Let's relate that to my disease Cystic Fibrosis. My whole life, I have been treated just like all of the "healthy" members of my family have been treated. My friends might have known that I "couldn't sing as well as them", but they didn't care. Why didn't they care? Because they saw me "singing" without a care in the world right along side of them. I never seperated myself from the group. I never asked to be treated differently. A lot of this also stemmed from my mom. If you haven't had a chance to read my Mother's Manual for CF post, I strongly encourage you to do so. My attitude towards CF is a reflection of hers. Growing up, my mom made me feel like I was no different than any of my friends or family members. She would say, "Some kids are in wheel chairs, some kids have to take shots, and some kids have to brush their teeth everyday, you Ronnie just have to do your treatments everyday". It was as simple as that. And as a kid, I got it. My treatments were just something I had to do and my mom didn't make a bigger deal out of it. It was very matter a fact. It was also the same way with me being so active. She never told me to take it easy or to stop running cause I was having a coughing fit. She told me to keep running, she told me to keep up with the other kids and not to make excuses, she told me just to be a kid. That same attitude has stuck with me my whole life. I don't make excuses. CF doesn't limit anything I do. It may be tougher for me to get it done or may take longer, but that doesn't mean I CAN'T do it. This of course then translates over to the rest of my family. They feed off of my cues. I take the same bumps and bruises that everybody else does. I then pick myself up off the ground like anybody else does. So to directly answer your question, you treat your daughter the same way you would treat any other child. If you see somebody else treating her differently, you kindly remind them that she is no different than anybody else and should be treated as such. Kids pick up on that kind of stuff. If they get treated differently because of CF, they'll expect that to be that way their whole life. And let me tell you, nobody in the "real world" cares that I have Cystic Fibrosis. Not my teachers, my bosses, the police, landlords, nobody. CF doesn't give me a license to get away with stuff that "normal" people can't. I see too many parents treating there CF kids "with white gloves on" and I hate to say it, but those gloves come off in the real world.

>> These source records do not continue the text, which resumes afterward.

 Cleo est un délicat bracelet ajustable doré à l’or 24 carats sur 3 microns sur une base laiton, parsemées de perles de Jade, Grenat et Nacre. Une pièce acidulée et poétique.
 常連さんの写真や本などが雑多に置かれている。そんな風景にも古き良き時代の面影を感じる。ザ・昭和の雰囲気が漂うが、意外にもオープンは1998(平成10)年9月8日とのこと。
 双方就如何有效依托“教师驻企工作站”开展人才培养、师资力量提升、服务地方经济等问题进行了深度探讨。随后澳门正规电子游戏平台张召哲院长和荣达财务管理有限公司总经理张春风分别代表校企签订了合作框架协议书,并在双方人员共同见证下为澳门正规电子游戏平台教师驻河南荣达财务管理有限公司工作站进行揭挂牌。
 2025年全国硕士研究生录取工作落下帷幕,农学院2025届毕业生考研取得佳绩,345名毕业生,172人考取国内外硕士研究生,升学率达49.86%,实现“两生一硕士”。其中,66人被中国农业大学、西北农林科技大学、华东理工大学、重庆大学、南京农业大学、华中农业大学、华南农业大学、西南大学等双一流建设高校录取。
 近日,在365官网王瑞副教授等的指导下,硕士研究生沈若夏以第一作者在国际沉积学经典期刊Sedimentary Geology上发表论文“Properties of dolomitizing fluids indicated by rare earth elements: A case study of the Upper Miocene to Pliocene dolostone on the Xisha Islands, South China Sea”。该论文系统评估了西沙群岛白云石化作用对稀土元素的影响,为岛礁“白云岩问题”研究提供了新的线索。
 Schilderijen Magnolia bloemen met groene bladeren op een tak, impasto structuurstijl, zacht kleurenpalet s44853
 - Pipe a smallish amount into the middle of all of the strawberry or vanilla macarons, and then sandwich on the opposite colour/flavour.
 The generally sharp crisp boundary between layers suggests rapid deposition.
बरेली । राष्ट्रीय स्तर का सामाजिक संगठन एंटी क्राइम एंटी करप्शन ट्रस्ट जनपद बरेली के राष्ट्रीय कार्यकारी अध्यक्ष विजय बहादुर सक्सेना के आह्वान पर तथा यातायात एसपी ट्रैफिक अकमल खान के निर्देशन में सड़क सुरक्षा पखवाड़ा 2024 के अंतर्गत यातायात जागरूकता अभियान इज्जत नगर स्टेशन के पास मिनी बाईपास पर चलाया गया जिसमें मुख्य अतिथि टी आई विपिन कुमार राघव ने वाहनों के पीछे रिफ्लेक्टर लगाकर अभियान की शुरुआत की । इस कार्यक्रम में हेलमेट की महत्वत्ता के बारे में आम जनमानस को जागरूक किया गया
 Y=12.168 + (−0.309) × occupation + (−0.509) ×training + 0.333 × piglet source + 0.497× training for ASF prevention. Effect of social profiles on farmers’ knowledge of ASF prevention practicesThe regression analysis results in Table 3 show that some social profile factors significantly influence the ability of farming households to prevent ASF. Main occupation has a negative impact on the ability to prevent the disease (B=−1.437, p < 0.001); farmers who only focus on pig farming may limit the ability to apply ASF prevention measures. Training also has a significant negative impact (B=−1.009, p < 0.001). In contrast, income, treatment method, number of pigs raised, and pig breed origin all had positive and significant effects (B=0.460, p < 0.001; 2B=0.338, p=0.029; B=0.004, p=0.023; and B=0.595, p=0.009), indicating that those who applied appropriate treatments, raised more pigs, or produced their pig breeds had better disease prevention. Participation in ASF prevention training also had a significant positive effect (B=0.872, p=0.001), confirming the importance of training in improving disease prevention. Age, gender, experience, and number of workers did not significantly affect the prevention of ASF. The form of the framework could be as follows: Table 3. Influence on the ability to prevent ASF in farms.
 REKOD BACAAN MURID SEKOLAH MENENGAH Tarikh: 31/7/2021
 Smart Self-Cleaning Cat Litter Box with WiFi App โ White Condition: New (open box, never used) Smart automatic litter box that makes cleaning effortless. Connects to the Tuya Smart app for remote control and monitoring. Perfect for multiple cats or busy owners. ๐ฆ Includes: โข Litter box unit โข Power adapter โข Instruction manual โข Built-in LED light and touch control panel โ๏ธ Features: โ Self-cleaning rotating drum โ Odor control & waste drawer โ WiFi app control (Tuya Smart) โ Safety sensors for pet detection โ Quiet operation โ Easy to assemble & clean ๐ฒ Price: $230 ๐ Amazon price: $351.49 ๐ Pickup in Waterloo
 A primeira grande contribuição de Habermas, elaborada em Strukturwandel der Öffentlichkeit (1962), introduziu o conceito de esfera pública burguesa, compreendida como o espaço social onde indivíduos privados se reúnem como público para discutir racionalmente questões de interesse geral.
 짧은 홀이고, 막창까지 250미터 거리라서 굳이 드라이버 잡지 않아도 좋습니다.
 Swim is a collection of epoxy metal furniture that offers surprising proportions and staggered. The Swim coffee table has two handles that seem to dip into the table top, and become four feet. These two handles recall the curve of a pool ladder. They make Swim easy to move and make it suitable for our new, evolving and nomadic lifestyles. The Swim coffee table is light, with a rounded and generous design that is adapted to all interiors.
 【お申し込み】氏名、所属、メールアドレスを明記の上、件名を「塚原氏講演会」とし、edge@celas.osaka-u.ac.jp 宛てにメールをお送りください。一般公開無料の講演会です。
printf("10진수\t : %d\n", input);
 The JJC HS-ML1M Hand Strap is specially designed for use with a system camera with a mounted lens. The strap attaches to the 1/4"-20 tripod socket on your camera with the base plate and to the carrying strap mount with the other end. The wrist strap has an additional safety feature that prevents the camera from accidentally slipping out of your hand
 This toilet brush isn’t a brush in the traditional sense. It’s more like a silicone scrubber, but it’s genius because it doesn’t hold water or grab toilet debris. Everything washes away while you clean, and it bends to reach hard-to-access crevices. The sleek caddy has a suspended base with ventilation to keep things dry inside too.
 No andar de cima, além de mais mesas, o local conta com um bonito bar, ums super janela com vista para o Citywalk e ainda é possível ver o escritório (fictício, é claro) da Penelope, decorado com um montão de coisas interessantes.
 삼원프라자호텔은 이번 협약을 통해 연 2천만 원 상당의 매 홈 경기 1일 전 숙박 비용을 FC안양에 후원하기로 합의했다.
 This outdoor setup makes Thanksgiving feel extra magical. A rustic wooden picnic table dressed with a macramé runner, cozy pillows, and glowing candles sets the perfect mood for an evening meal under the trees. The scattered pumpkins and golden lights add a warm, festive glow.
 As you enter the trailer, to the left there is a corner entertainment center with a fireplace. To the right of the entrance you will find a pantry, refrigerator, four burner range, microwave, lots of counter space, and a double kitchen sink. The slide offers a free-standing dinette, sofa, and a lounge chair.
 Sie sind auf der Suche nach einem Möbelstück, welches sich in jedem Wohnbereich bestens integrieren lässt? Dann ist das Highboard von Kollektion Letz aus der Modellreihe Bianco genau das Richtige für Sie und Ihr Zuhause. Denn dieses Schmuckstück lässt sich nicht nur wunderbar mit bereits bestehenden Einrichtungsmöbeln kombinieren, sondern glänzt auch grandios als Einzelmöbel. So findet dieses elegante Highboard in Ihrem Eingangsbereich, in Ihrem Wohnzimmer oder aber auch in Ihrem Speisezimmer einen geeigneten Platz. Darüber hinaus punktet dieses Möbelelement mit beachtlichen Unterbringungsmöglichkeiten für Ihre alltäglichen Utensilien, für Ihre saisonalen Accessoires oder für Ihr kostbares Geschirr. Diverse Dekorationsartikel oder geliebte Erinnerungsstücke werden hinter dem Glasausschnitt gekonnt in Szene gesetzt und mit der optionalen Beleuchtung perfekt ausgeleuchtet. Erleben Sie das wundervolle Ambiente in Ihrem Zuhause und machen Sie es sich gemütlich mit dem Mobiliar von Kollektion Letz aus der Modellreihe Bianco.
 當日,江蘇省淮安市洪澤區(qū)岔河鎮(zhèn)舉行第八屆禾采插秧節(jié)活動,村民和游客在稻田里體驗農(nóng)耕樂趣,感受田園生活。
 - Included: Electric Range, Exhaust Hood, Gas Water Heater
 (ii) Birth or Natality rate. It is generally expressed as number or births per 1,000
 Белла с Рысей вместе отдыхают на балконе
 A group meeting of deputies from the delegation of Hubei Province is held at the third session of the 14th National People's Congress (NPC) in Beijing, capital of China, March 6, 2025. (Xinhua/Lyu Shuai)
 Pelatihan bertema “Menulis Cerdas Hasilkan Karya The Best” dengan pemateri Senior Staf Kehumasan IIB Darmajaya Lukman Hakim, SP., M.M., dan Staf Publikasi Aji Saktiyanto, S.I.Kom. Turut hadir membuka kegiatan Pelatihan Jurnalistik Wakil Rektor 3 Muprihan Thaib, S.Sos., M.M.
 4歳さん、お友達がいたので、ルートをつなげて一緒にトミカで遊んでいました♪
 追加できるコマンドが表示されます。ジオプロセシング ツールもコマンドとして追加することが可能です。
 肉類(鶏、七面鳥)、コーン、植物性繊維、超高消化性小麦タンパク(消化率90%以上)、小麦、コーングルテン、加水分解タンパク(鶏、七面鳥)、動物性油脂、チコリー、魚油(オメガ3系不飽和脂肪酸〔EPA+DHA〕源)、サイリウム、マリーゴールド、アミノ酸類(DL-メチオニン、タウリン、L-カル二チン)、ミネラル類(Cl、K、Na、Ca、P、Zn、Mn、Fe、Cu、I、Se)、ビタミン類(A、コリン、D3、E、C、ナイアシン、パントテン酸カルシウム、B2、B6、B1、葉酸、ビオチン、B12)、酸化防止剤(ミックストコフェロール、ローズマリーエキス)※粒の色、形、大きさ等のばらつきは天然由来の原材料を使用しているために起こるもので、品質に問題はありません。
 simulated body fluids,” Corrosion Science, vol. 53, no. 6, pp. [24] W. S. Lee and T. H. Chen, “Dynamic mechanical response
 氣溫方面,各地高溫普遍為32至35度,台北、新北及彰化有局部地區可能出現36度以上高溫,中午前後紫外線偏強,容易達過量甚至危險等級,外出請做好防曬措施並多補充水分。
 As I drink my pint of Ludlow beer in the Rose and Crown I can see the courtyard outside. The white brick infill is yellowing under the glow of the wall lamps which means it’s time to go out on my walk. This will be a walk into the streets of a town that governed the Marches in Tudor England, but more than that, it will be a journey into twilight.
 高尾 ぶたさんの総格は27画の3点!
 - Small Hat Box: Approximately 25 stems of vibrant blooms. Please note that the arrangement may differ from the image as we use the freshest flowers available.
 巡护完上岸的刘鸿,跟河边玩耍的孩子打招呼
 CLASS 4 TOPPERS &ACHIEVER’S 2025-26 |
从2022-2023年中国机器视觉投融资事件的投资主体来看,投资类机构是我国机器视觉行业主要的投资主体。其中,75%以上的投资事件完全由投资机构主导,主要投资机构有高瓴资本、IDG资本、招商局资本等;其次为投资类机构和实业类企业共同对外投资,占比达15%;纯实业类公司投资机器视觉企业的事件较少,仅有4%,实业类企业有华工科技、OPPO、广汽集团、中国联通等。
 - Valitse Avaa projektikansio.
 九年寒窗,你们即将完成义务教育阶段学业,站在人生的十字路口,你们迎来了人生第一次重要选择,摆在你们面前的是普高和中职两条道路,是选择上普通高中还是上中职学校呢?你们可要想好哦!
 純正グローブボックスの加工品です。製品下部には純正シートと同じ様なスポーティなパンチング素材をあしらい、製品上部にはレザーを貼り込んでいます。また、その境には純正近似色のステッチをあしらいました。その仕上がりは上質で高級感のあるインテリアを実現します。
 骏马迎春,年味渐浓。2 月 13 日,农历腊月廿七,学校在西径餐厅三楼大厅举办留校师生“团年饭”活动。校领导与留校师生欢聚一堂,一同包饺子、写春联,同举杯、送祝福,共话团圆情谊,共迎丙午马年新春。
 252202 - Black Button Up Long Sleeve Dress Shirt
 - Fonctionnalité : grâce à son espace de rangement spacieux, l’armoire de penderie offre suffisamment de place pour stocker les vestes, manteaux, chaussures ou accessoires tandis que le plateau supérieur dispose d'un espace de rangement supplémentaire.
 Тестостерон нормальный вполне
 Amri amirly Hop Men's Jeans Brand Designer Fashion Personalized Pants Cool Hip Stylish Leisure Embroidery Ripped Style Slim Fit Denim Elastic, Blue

Now, I did encounter people who would "baby me" or treat me different than other family members. If I was treated differently, I understood. I also understood that if I was treated differently, I was partly to blame. It is my responsibility (and yours) to share with my friends and family my attitude towards CF and why they need not pity me or "feel sorry" for me. They see that I don't take that approach myself and I have fully explained the ins and outs of CF. If my friends were to solely rely on the internet for info on CF, they'd probably think that I was supposed to die yesterday. But I'm not a statistic. I can't be defined as a number. I'm Ronnie. I'm my own man apart from CF and believe it or not I do have more control over my life than this crazy "little" disease.
2 people had something to say...:
Ronnie I agree with you 100% about the power of positive thinking!!!! :) Great post!
Thats is an awesome answer!!
Good Job!!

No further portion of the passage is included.